Werkingsprincipe
1. Refrigerant compressor
2. Condensor
3. Motor fan
4. Air-to-refrigerant heat exchanger/evaporator
5. Water-air-separator
6. Condensate drain
7. Capillary tube
8. Filter
9. Liquid separator
10. Air-to-air heat exchanger
11. Dew point indicator
12. High pressure switch
13. Hot gas bypass valve
Luchtstroming
Perslucht die moet worden gedroogd, komt het HE A-A-gedeelte (10) binnen en wordt vervolgens door de uitlaat gekoeld, in een lagere temperatuur en gedroogde lucht. Doordat de temperatuur daalt, begint de waterdamp in de inlaatlucht te condenseren. Vervolgens stroomt de lucht de verdamper (4) in en wordt deze verder afgekoeld tot de verdampingstemperatuur van het koelmiddel. Meer vloeibaar water condenseert. De koude lucht met vloeibare waterdruppel stroomt vervolgens door de WSD (5), waar het vloeibare water wordt gescheiden van de lucht. Via de afvoerkraan (6) wordt vloeibaar water afgevoerd. Vervolgens stroomt de koude en gedroogde lucht terug naar de HE A-A-sectie (10), waar deze wordt opgewarmd door de hete en natte inlaatlucht en vervolgens via de luchtuitlaat van de warmtewisselaar naar buiten gaat.
Koelmiddelstroom
De koelmiddelcompressor (1) stuurt koelmiddelgas met hoge temperatuur en hoge druk door de watergekoelde/luchtgekoelde condensor (2), waar het koelmiddelgas condenseert tot vloeibaar koelmiddel.

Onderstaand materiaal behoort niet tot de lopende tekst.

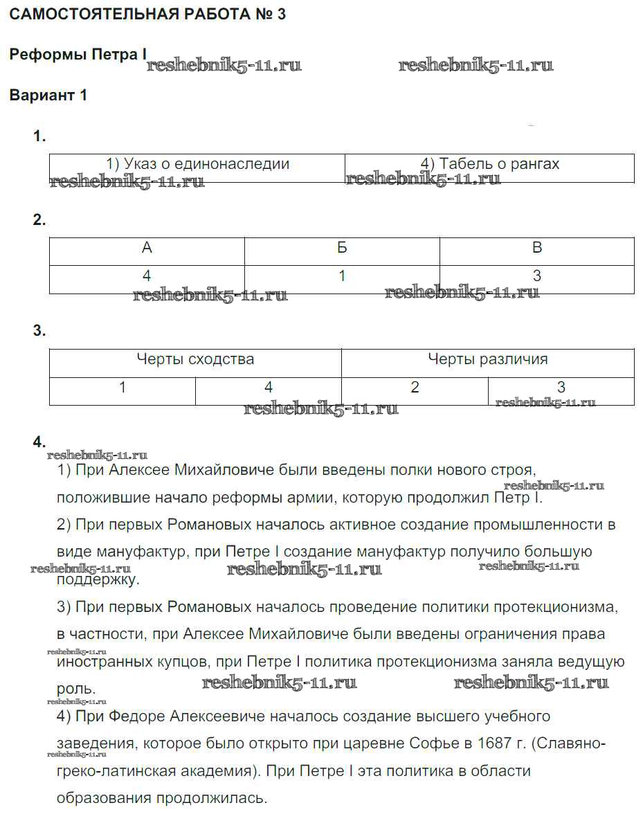 Решебник / Россия в первой четверти XVIII века / ср-4 / вариант 1
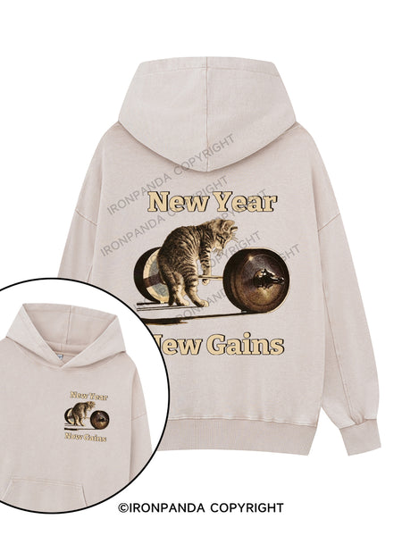 New Year, New Gains Printed Washed Gym Hoodie
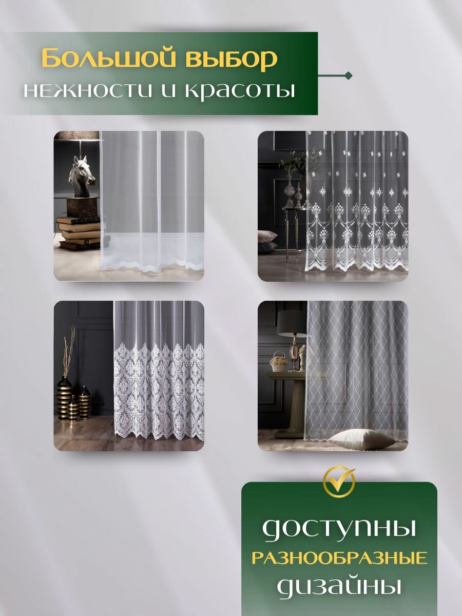 Тюль для комнаты Magiza 300*260 сетка с вышивкой на шторной ленте
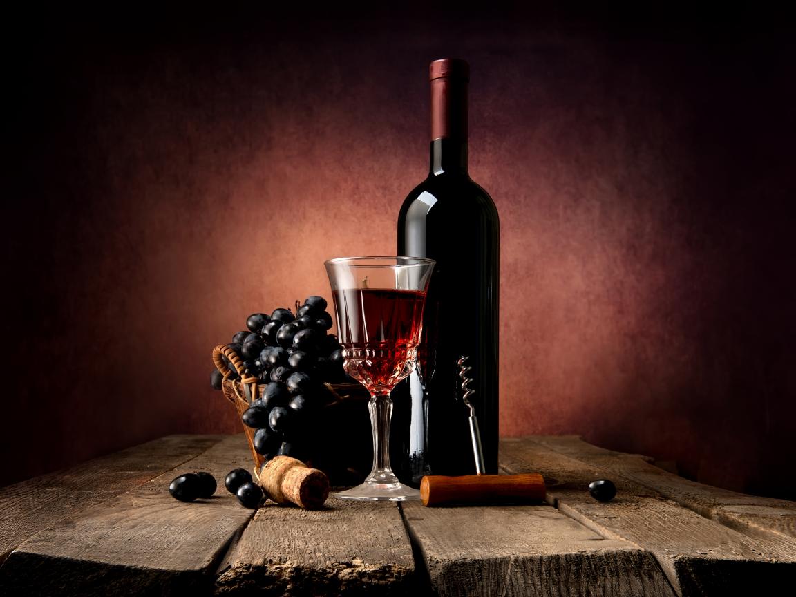 Wallpaper A bottle of red wine on a table with a glass and blue grapes
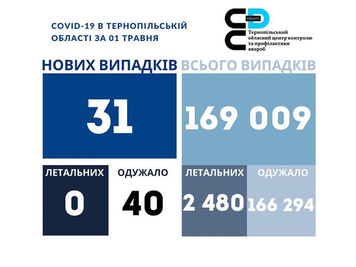 31 новий випадок коронавірусної хвороби COVID-19 зафіксовано в Тернопільській області за 1 травня 2023 року. Про це повідомляє Державна установа «Тернопільський ОЦКПХ МОЗ України».
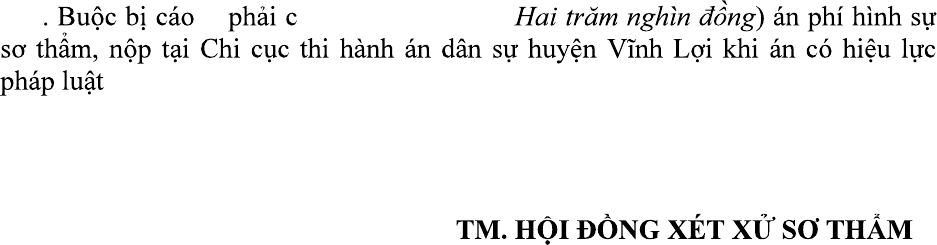 | Tòa án xét xử: | TAND huyện Vĩnh Lợi (TAND tỉnh Bạc Liêu) |
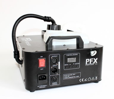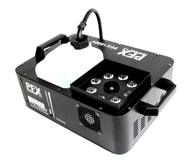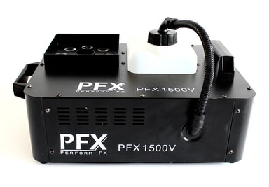 Pfx1500v er en kraftfuld vertikal røgmaskine, der skyder en kraftig eksplosion af røg op i luften, op til 8 meters højde. dette giver en co2 lignende effekt, især når der anvendes ""co2"" røgvæske. med 8 x 3 watt led rgb dioder der kan ""farve"" røgen. pfx1500v leveres med en trådløs fjernbetjening, der har en rækkevidde op til 25 meter. brugeren kan tage fuld kontrol over røgmaskinen med en 2 kanals dmx controller. denne vertikale røgmaskine kan anvendes på forskellige måder, på gulvet, eller hænge den i alutruss'en over folk eller skyde røgen ud fra siden af scenen. Kort sagt med denne maskine har du masser af muligheder for at lave vilde effekter med røg. anvendelsen af maskinen ved ophæng: der fjernes de 2 metalplader og skift af placering på væsketanken. der er tre m8 gevindskårne huller til truss clamps.

Vervolgens stroomt het vloeibare koelmiddel door het drogerfilter (8) (om vocht en deeltjes te voorkomen) en vervolgens naar het expansie-element (expansieklep of capillair) (7). Nadat het koelmiddel door het expansie-element (7) is gestroomd, schakelt het over naar een veel lagere temperatuur en druk. Dit koelmiddel stroomt vervolgens de verdamper (4) binnen en absorbeert warmte van de hete inlaatperslucht om te verdampen. Na het verdampen gaat gasvormig (of gas-/vloeistofmengsel) koelmiddel terug naar de aanzuiging van de koelmiddelcompressor (1) na de gas-/vloeistofafscheider (9) (om mogelijke vloeistofschokken te voorkomen). De hogedrukbeveiligingsschakelaar (12) wordt gebruikt om te voorkomen dat de koelmiddeldruk de limiet overschrijdt. Bij nullast of tamelijk lage belasting zou de bypassklep voor heet gas (HGB) (13) het hete-gas-koelmiddel uit de compressoruitlaat omzeilen om mogelijk storing door bevriezing (ijsblokvorming) te voorkomen.
Automatisch regelsysteem
De condensordruk moet zo constant mogelijk worden gehouden om een stabiele werking te verkrijgen. De ventilatorschakelaar stopt en start daarom de koelventilator (3). Als de verdamperdruk bij deellast of nullast tot onder een bepaald niveau daalt, wordt de bypassklep voor heet gas (9) geopend en wordt heet gas onder hoge druk naar het verdampercircuit gevoerd om te voorkomen dat de verdamperdruk nog verder daalt.